Environment variables

Logging


PACTFLOW_LOG_LEVEL

The PactFlow application log level

Required: false
Default: INFO
Allowed values: DEBUG, INFO, WARN, ERROR, FATAL

PACTFLOW_LOG_FORMAT

The PactFlow application log format

Required: false
Default: json
Allowed values: json, default, color
More information: https://github.com/rocketjob/semantic_logger/tree/master/lib/semantic_logger/formatters

PACTFLOW_HTTP_LOGGING_ENABLED

When true, HTTP request details and response status and duration will be logged to stdout in json format

Required: false
Default: false
Allowed values: true, false

Monitoring


NEW_RELIC_AGENT_ENABLED

Set this to true to enable New Relic application monitoring. The New Relic config file should be mounted at /home/pactflow/config/newrelic.yml

Required: false
Default: false
Allowed values: true, false

Database


PACTFLOW_DATABASE_URL

The fully qualifed database connection string. If using Postgres on RDS with IAM authentication, the scheme must be postgresiam and the port must also be set.

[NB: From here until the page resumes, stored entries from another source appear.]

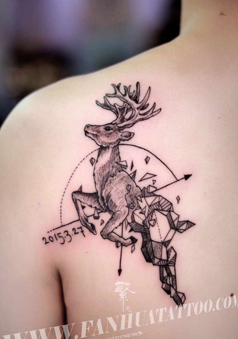当前位置: 首页 >江苏省苏州市纹身店-苏州繁花艺术刺青纹身图案>鹿纹身图片_成品手稿背部肩部传统国画动物满背纹身图案
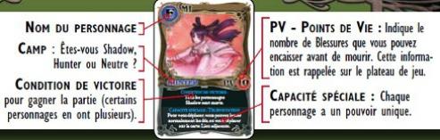 En début de partie les joueurs se voient distribuer, face cachée (c’est-à-dire sans qu’aucun autre joueur ne puisse en avoir connaissance, excepté celui qui la reçoit), une identité fictive (voir ci-dessus extrait du livret de règles 1) qui comporte objectif, capacité, nombre de points de vie, particularité et alliés différents en termes de mécanique ; cette carte comporte aussi un nom, une représentation figurative et un vocabulaire sémantiquement associé et propre au personnage (amour maternel pour un personnage féminin, par exemple). Pour reprendre ce que nous avons dit plus haut, il s’agit d’un rôle à la fois postural (chaque joueur appartient à un camp avec des objectifs différenciés), et précis (chaque joueur incarne un personnage). Chaque personnage possède un groupe d’alliés : respectivement les Shadow (les « ombres »), les Hunters (les « chasseurs »), et les Neutres. Les deux premiers camps doivent mutuellement s’anéantir, le premier à détruire le camp adverse remportant la partie. Tandis que les Neutres possèdent des objectifs propres et différents pour chaque personnage, ils l’emportent sur tous les autres dès que leur objectif est atteint. Ces derniers jouent donc seuls, bien qu’ils représentent un enjeu pour les deux autres camps : en effet les Shadow peuvent aussi gagner la partie s’ils tuent la totalité des Neutres et la majeure partie des Hunter. Par conséquent, ces derniers auront tout intérêt à protéger les Neutres qui, par ailleurs, peuvent avoir pour objectif le ralliement au camp des Hunter s’ils échouent dans leur objectif premier. Toutes les identités sont dissimulées en début de partie, si bien que personne ne sait lequel est son allié, lequel est son ennemi. Un joueur peut cependant choisir à tout moment de révéler son identité fictive, afin de bénéficier du pouvoir de son personnage. S’ajoute à cela des cartes piochées au cours du jeu qui permettent d’augmenter sa force de combat, de se soigner, de se protéger ou d’en apprendre potentiellement plus sur l’identité d’un joueur. Au fur et à mesure de la partie, les joueurs en sauront plus sur la répartition des identités fictives, ou tout du moins, ils en apprendront davantage sur le groupe auquel l’un ou l’autre appartient. Chaque tour se déroule de la façon suivante : le joueur qui agit doit d’abord se déplacer (obligatoire), utiliser l’une des possibilités conférées par le lieu où il se trouve (le plus souvent piocher des cartes d’un type particulier), et enfin, s’il le souhaite, attaquer un autre joueur à sa portée, c’est-à-dire, situé dans la même zone/territoire que lui.
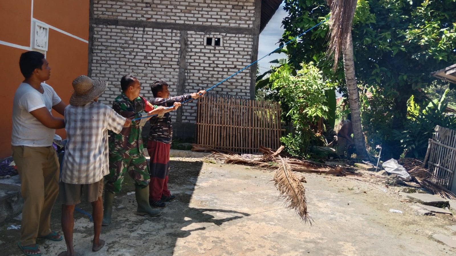 Babinsa Koramil 0828/02 Camplong Bantu Warga Tebang Pohon Kelapa di Desa Rabesan

Required: if separate host, name, username, password environment variables are not set
Example: postgresql://username:password@host:port/database

PACTFLOW_DATABASE_ADAPTER

The database adapter to use. Use postgresiam when using Postgres on RDS with IAM authentication (rather than username/password authentication).

Required: false
Default: postgres
Allowed values: postgres, postgresiam

PACTFLOW_DATABASE_USERNAME

The database username

Required: if PACTFLOW_DATABASE_URL is not set

PACTFLOW_DATABASE_PASSWORD

The database password

Required: if PACTFLOW_DATABASE_URL is not set, unless using Postgres on RDS with IAM authentication

PACTFLOW_DATABASE_HOST

The database host

Required: if PACTFLOW_DATABASE_URL is not set

PACTFLOW_DATABASE_PORT

The database port

Required: if PACTFLOW_DATABASE_URL is not set

PACTFLOW_DATABASE_NAME

The database name

Required: if PACTFLOW_DATABASE_URL is not set

PACTFLOW_DATABASE_SSLMODE

The Postgresql ssl mode. Note, if using Postgres on AWS RDS with IAM authentication, this must be require.

Required: false
Default: require
Allowed values: disable, allow, prefer, require, verify-ca, verify-full
More information: https://ankane.org/postgres-sslmode-explained

PACTFLOW_DATABASE_CONNECTION_VALIDATION_TIMEOUT

The number of seconds after which to check the health of a connection from a connection pool before passing it to the application.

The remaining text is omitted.